One of the best questions you can ever ask hotel staff was invented by my father-in-law. In fact, we discovered the best restaurants we ever visited in the American Southwest, thanks to asking that question of our tour guide (which was then reinforced by the hotel concierge).
But really, we’ve all done something similar to that “best question.” Say you’re traveling and are in a town you don’t know very well. You’re trying to get a recommendation for whatever it is – a restaurant, a show, something to do. You ask the people who know the area well – the hotel staff.

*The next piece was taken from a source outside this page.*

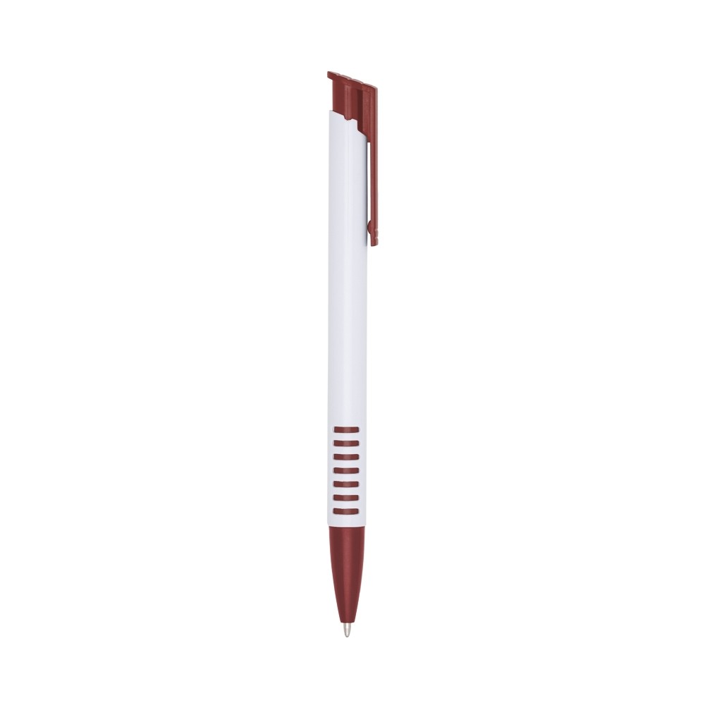 Caneta plástica com carga esferográfica azul 1.0 mm e acionamento por clique.
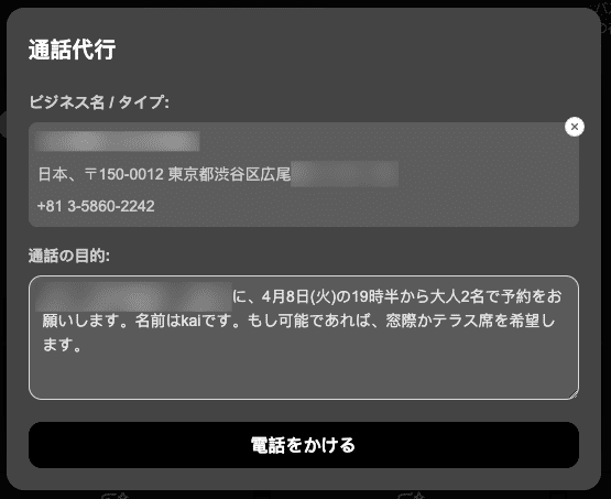 機能: AIがユーザーに代わり、指定した電話番号へ実際に電話を発信する機能。主に、店舗への予約や簡単な問い合わせといった用途が想定されています。

In August 2012, Vaughn Stephens and his family were vacationing in Maui, at the Fairmont Kea Lani Resort, and did just that. He asked a hotel employee at the resort for advice on a “good beach to go as a family.” The worker suggested Big Beach (a.k.a. Makena Beach) and gave him directions on how to get there.
Had Stephens Googled a little, he would have known that Big Beach is well known for its dangerous waves and strong shore breaks. As it turned out, the surf conditions that day in August 2012 were particularly bad. Lifeguards posted numerous written warnings and repeatedly urged people, over the public address system, to stay out of the surf.
Stephens claimed he never saw or heard any of the warnings. He and his family drove to state-owned Makena State Park, parked in a lot near Big Beach, and situated themselves near a lifeguard tower.
According to court documents, the walkway connecting the northernmost parking area with Big Beach contained a permanent “Dangerous Shorebreak” sign that stated “WARNING” in bold font above a pictogram of a person upside-down after being tossed by a wave. Under the pictogram, it says, “Waves break in shallow water[.] Serious injuries could occur, even in small surf[.] IF IN DOUBT, DON’T GO OUT.”
Stephens’ family went in the water before him. He then waded into the water, bobbed the waves for a little while, and then began a half-walk, half-breast stroke back to shore. That’s when a breaking wave drove him to the bottom. The force of the water broke his neck and left him permanently paralyzed.
He sued the Fairmont, along with several John Does and non-profit agencies, for negligently recommending the beach.
Court documents said the visitor filed a second amended complaint alleging he suffered a paralyzing injury because the hotel employee negligently recommended that beach without providing any warnings of ocean hazards. The hotel asserted that it had no duty to warn him of the shorebreak because the beach was located miles away and was not affiliated with or under the control of the hotel. The hotel also said there were warning signs at the beach, and thus warned the visitor of the danger he could face.
Stephens argued innkeepers had an “enhanced duty” to warn guests about foreseeable dangers wherever they are and even if it didn’t have that duty, the hotel, through the actions of the unidentified employee, negligently recommended the beach to him.
The court ruled for Fairmont.
The Circuit Court concluded in 2017 that the hotel, “had no general duty to warn its guests of dangers well beyond” the hotel’s properties and rejected the visitor’s argument that the hotel assumed a duty to warn by recommending the beach since the employee, “made no representations or guarantees concerning safety.”
The Circuit Court also said that even if the hotel had a duty to warn or assumed a duty to warn, “there can be no liability as a matter of law” because warnings were posted at Big Beach on the day in question, and those warnings complied with Hawaii’s law HRS § 663-1.56.
Stephens appealed. He supplied unverified personal opinions of Fairmont employees about Big Beach and its shore break, but the court ruled that they were inadmissible evidence. The court also rejected a comparison to a Ninth Circuit opinion allowing a hotel to be sued for failing to adequately warn about conditions at the beach abutting its property, saying that wasn’t applicable to a beach miles away from the Fairmont.
From Legal Newsline:
The appeals court also rejected an argument the Fairmont fell afoul of the good Samaritan doctrine, under which someone who offers advice to protect another person can be liable if that advice leads to an injury. “An unidentified employee’s response to Stephens’s inquiry about a good beach does not constitute an undertaking to render a protective service,” the court said.
In the end, Hawaii’s Intermediate Court of Appeals called it an “illogical leap” to expose Fairmont to liability for accidents occurring far from its premises. In 2022, they upheld the dismissal of the case.